If you have a pre-7.5 version of Strata, you can still get a Strata model to an STL file but not directly. You will need to take the file through a third party program which can read one of Strata's export formats and in turn write the STL file for you.
-The most common method is to export a Collada or OBJ file from Strata 3D, then open that in a program like Silo or ViaCAD (both paid programs) or Wings 3D (free) and export to an .stl file. You can also use Netfabb to convert files from OBJ to STL. NetFabb is an STL file viewer and repair tool. The basic version of Netfabb is free.
-When converting a Strata file to an .stl file, you need to understand the scaling process. There is a helpful discussion on the StrataCafe about this:
-There is a lot of good information about 3D printing and scale conversion on the StrataCafe Forums. Simply search the Strata Design 3D CX forum, and include the archives. The search page is located here: http://www.stratacafe.com/forum/search.asp
There are companies and software for checking and repairing a 3D model in preparation for 3D printing. We've heard good things about Netfabb, an STL file viewer and repair tool. The basic version of Netfabb is free. Many 3D printing services have their own repair software and/or services.
General Guidelines for Modeling in Design 3D
Here are some general guidelines for modeling in Design 3D for output to 3D printing. Remember, it's critical to contact your printing service for specific requirements.
1. Objects must be closed, and structurally sound. Your geometry must be watertight - no openings in the geometry. It can sometimes be difficult to identify openings in your model's geometry. Some printing services can have tools to help you identify these problems. Your model may need support material during the printing process to keep it from collapsing. Support material is generally break away or soluble for easy removal after the printing process.
2. Objects must be manifold - no shared edges. A mesh is non-manifold if it has edges that are shared between more than two faces. In Design 3D, you can identify non-manifold edges by choosing Select Non-manifold from the Context menu while in Polygon Edit mode.
If you find there are open edges in your object, you will need to correct them. Make sure the surface of the mesh is solid by filling in areas where edges connect to only one face. If there are more than two edges, choose a face to delete or Unweld the edges. Then Weld only two edges back together.
3. Pay careful attention to the maximum size, scale and wall thickness. Incorrectly constructed or scaled models can cause delays and extra costs.
The optimum size of your object and the minimum wall thickness depend on the 3D printer, the production method and the material that you are planning to use. Wall thickness is important - it needs to be thick enough to support the the object once printed, but minimized to reduce cost. Thickness and size must conform to the 3D printer's requirements.

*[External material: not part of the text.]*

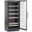 Электронное управление помогает быстро разобраться в том, как функционирует эта модель, и легко настроить все необходимые параметры. На дисплее отображаются данные, которые собирают датчики в камере. Лампочки, расположенные внутри, хорошо подсвечивают бутылки. Всего полок, на которых можно разместить коллекцию, в шкафу 6 шт. Пространство тщательно вентилируется, чтобы воздух не застаивался, не попадали посторонние запахи.

Design 3D's basic unit of measure is the point - so you will need to work out the scale factor between Design 3D and the 3D printer. There is a very informative discussion about this on the StrataCafe.com: http://www.stratacafe.com/forum/topic.asp?TOPIC_ID=13913
4. Correct normals. All surfaces of your model should have their normals pointing in the correct direction. Inverted normals can cause problems with 3D printing (as well as rendering anomalies). Inverted surface normals can occur when importing files from other applications, during polygon editing, etc.
To find and correct an inverted normal in Design 3D, set the object to One-sided in the Object Properties palette. Next, turn on Backface Culling from the Scripting menu or Preferences dialog. Any inverted normals will be invisible - you will be able to see through them in the modeling window.
To correct an inverted normal, go to Polygon Edit mode. Select the inverted normals, and then use the Flip command from the Context menu.